Action item: Write out the data exactly as given, dropping every picture.
━━━━━ Given data ━━━━━
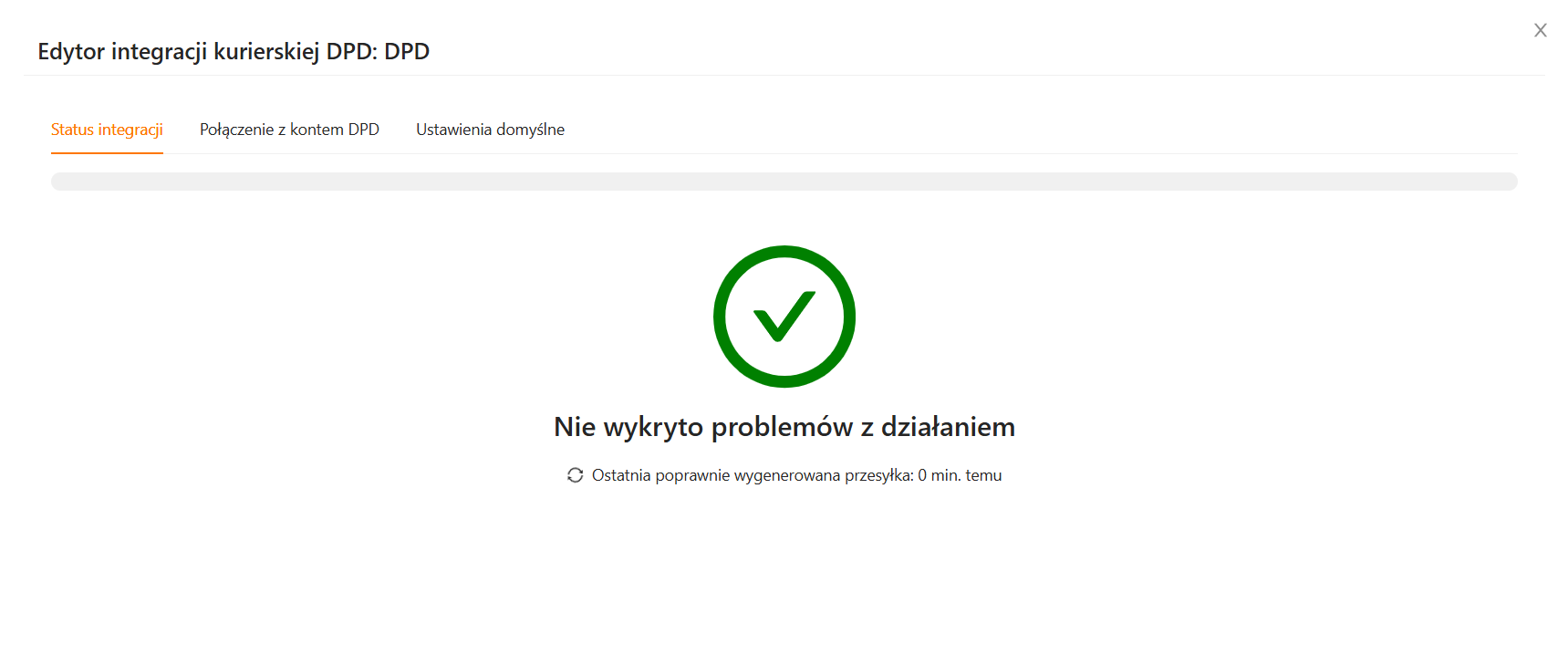 Po poprawnym utworzeniu pierwszej przesyłki status integracji zostanie zaktualizowany:
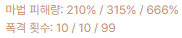 | 스킬 | 액티브 마나 0/30 대상에게 마법 피해를 입히고 남은 전투 동안 대상의 마법 저항력을 10만큼 감소시킵니다. |
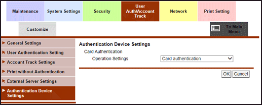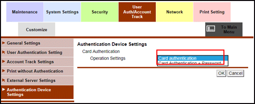 In [Authentication Device Settings] - [Operation Settings], select [Card authentication] or [Card Authentication + Password].
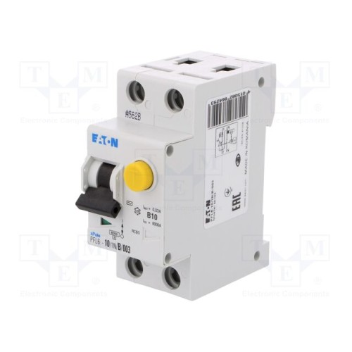 EATON ELECTRIC PFL6-10/1N/B/003 | Диференційний вимикач; Iном: 10А; Iдіф: 30мА; Полюси: 1+N; 230ВAC
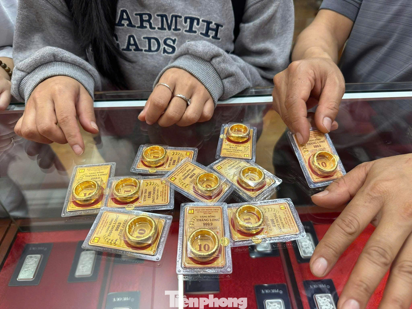 Giá vàng nhẫn cũng giảm theo giá vàng miếng. Cụ thể, vàng nhẫn Phú Quý 170,5 - 173,5 triệu đồng/lượng, giảm 1,5 triệu đồng/lượng so với sáng qua. Vàng nhẫn Mi Hồng 170,5 - 173 triệu đồng/lượng…
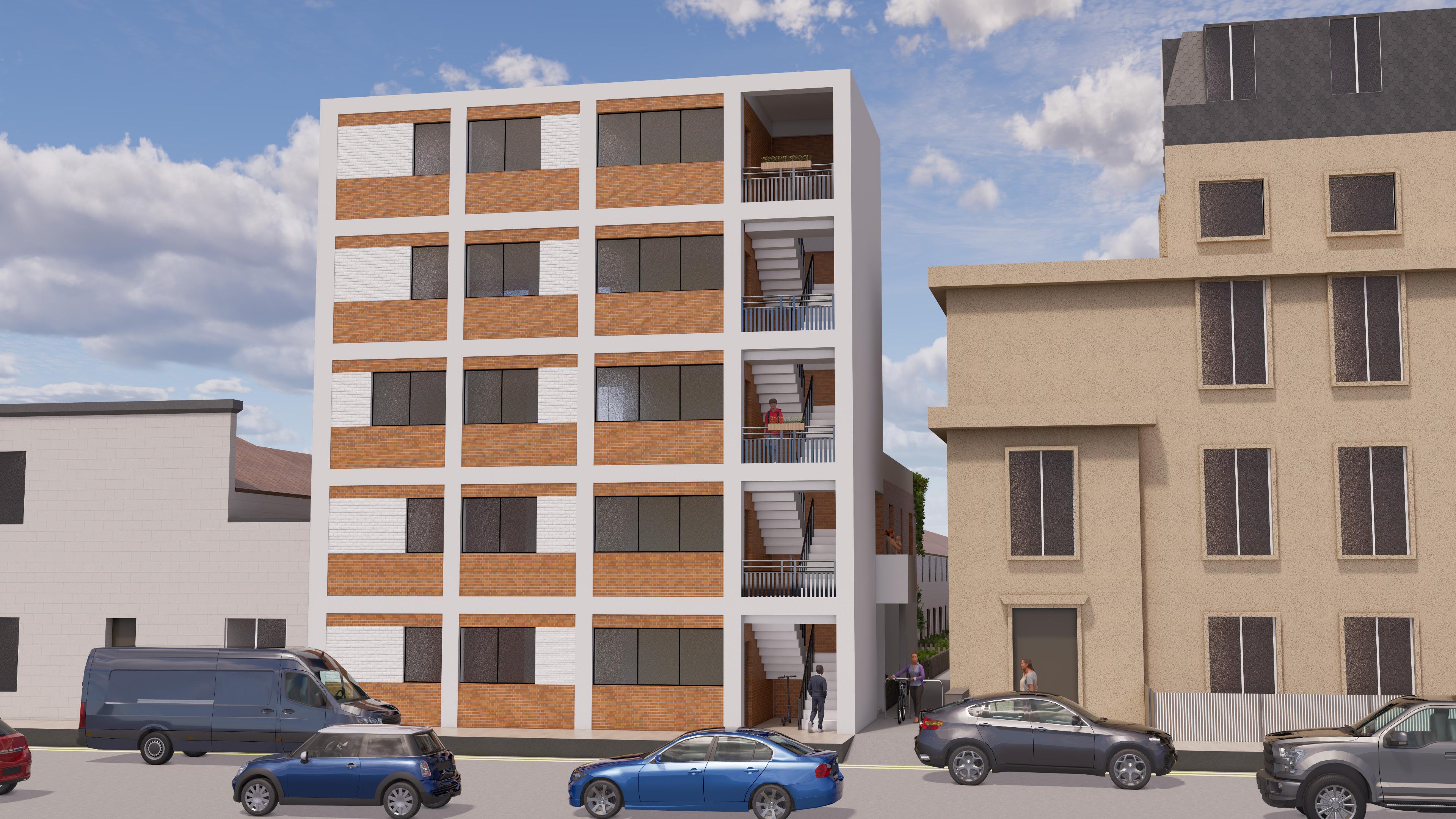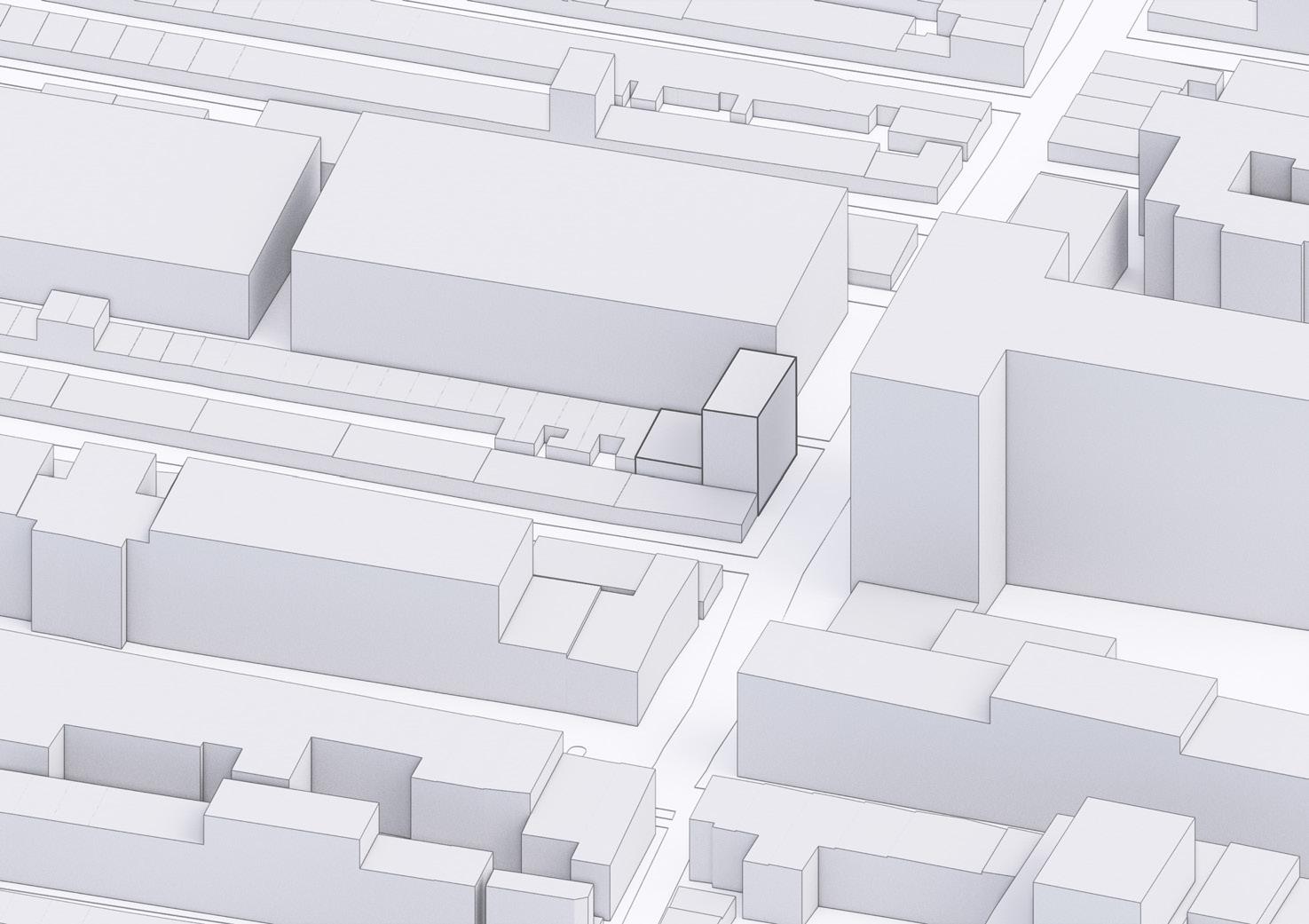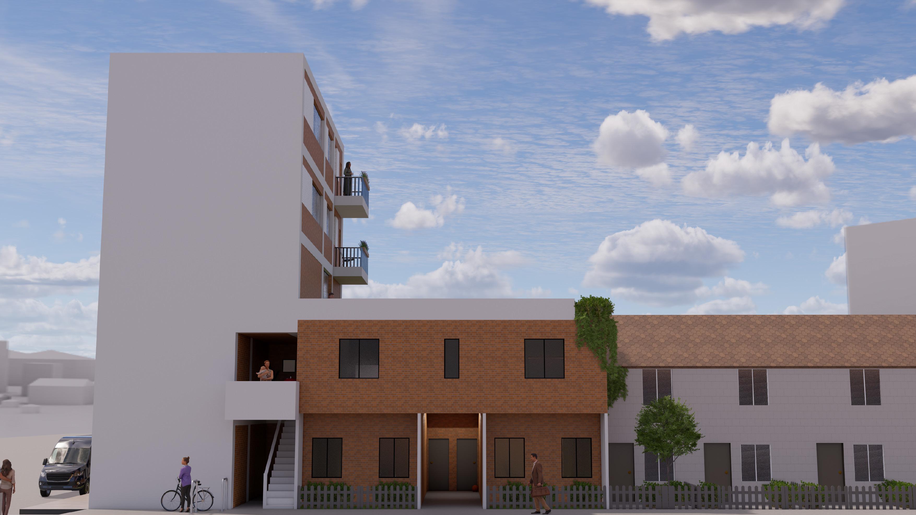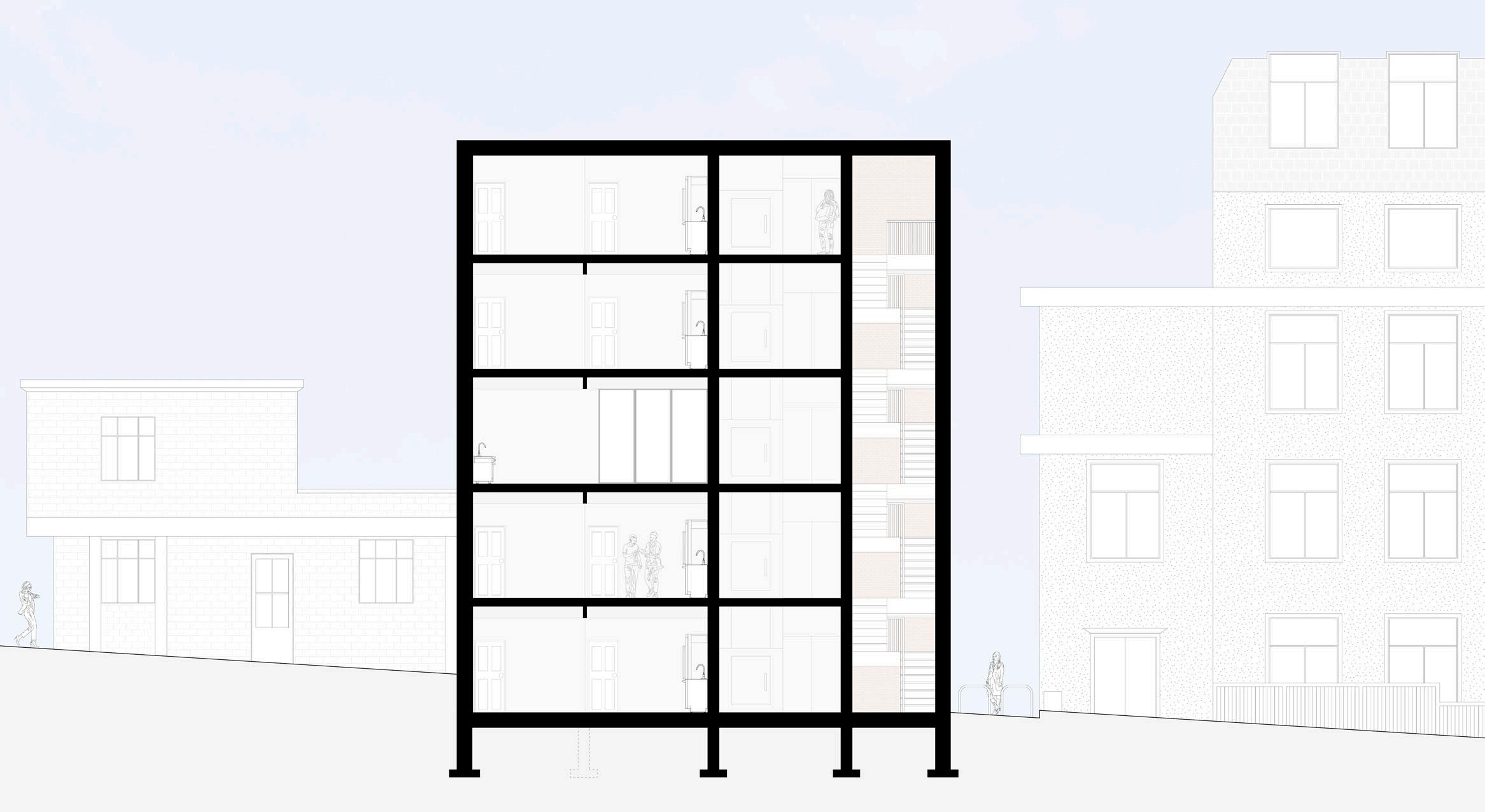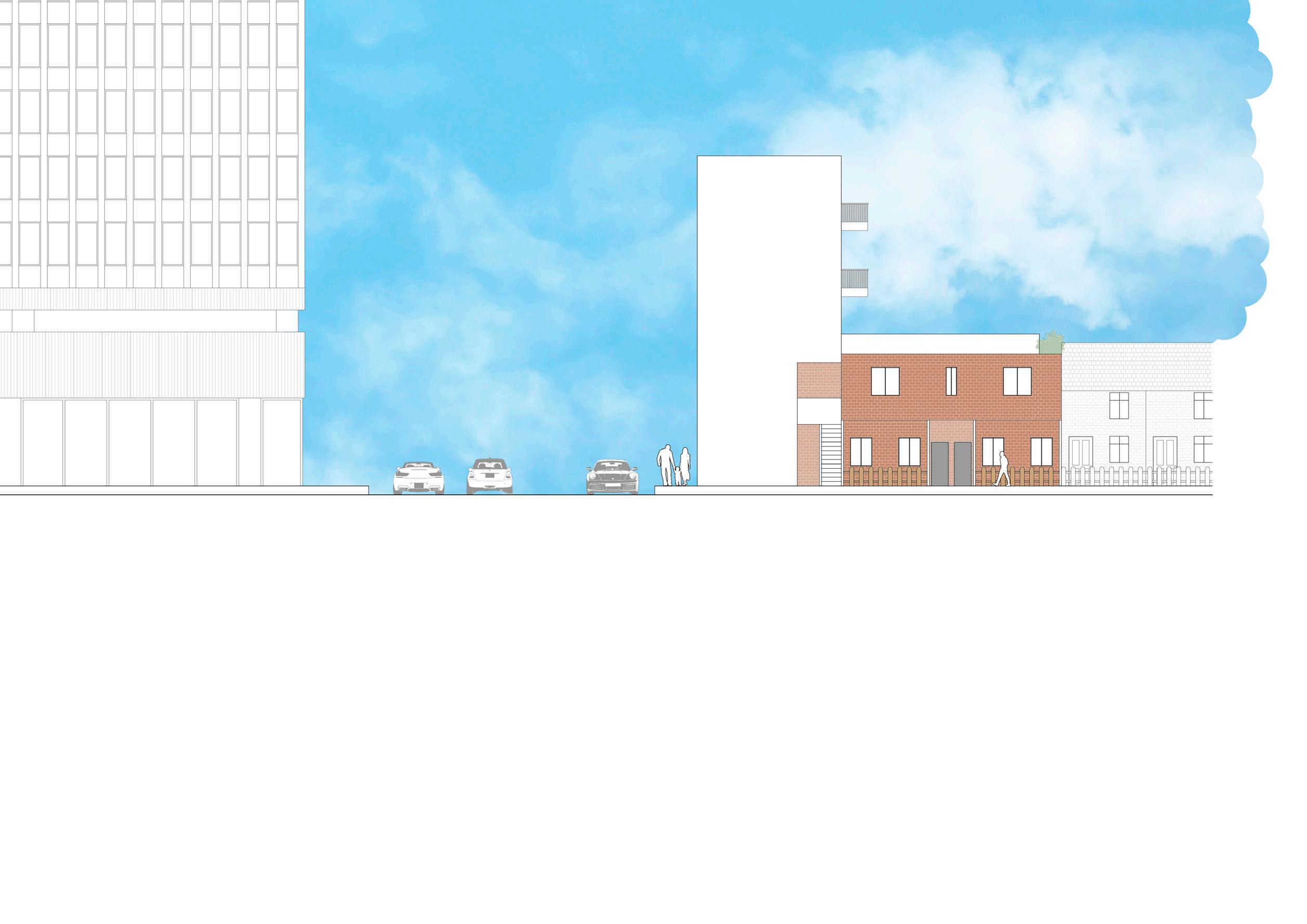 This single housing project develops a small car park into two contrasting types of housing with aesthetic influence from 1960s London Housing. The vertical and horizontal elements of the proposal relates to the adjacent buildings of the site. The vertical element provides a co-housing scheme with a shared co-living floor. The horizontal element provides an individual housing scheme with private entrances and outdoor areas.
━━━━━
Answer for the task:
 Po poprawnym utworzeniu pierwszej przesyłki status integracji zostanie zaktualizowany:
 | 스킬 | 액티브 마나 0/30 대상에게 마법 피해를 입히고 남은 전투 동안 대상의 마법 저항력을 10만큼 감소시킵니다. |
 In [Authentication Device Settings] - [Operation Settings], select [Card authentication] or [Card Authentication + Password].
 EATON ELECTRIC PFL6-10/1N/B/003 | Диференційний вимикач; Iном: 10А; Iдіф: 30мА; Полюси: 1+N; 230ВAC
 Giá vàng nhẫn cũng giảm theo giá vàng miếng. Cụ thể, vàng nhẫn Phú Quý 170,5 - 173,5 triệu đồng/lượng, giảm 1,5 triệu đồng/lượng so với sáng qua. Vàng nhẫn Mi Hồng 170,5 - 173 triệu đồng/lượng…
 This single housing project develops a small car park into two contrasting types of housing with aesthetic influence from 1960s London Housing. The vertical and horizontal elements of the proposal relates to the adjacent buildings of the site. The vertical element provides a co-housing scheme with a shared co-living floor. The horizontal element provides an individual housing scheme with private entrances and outdoor areas.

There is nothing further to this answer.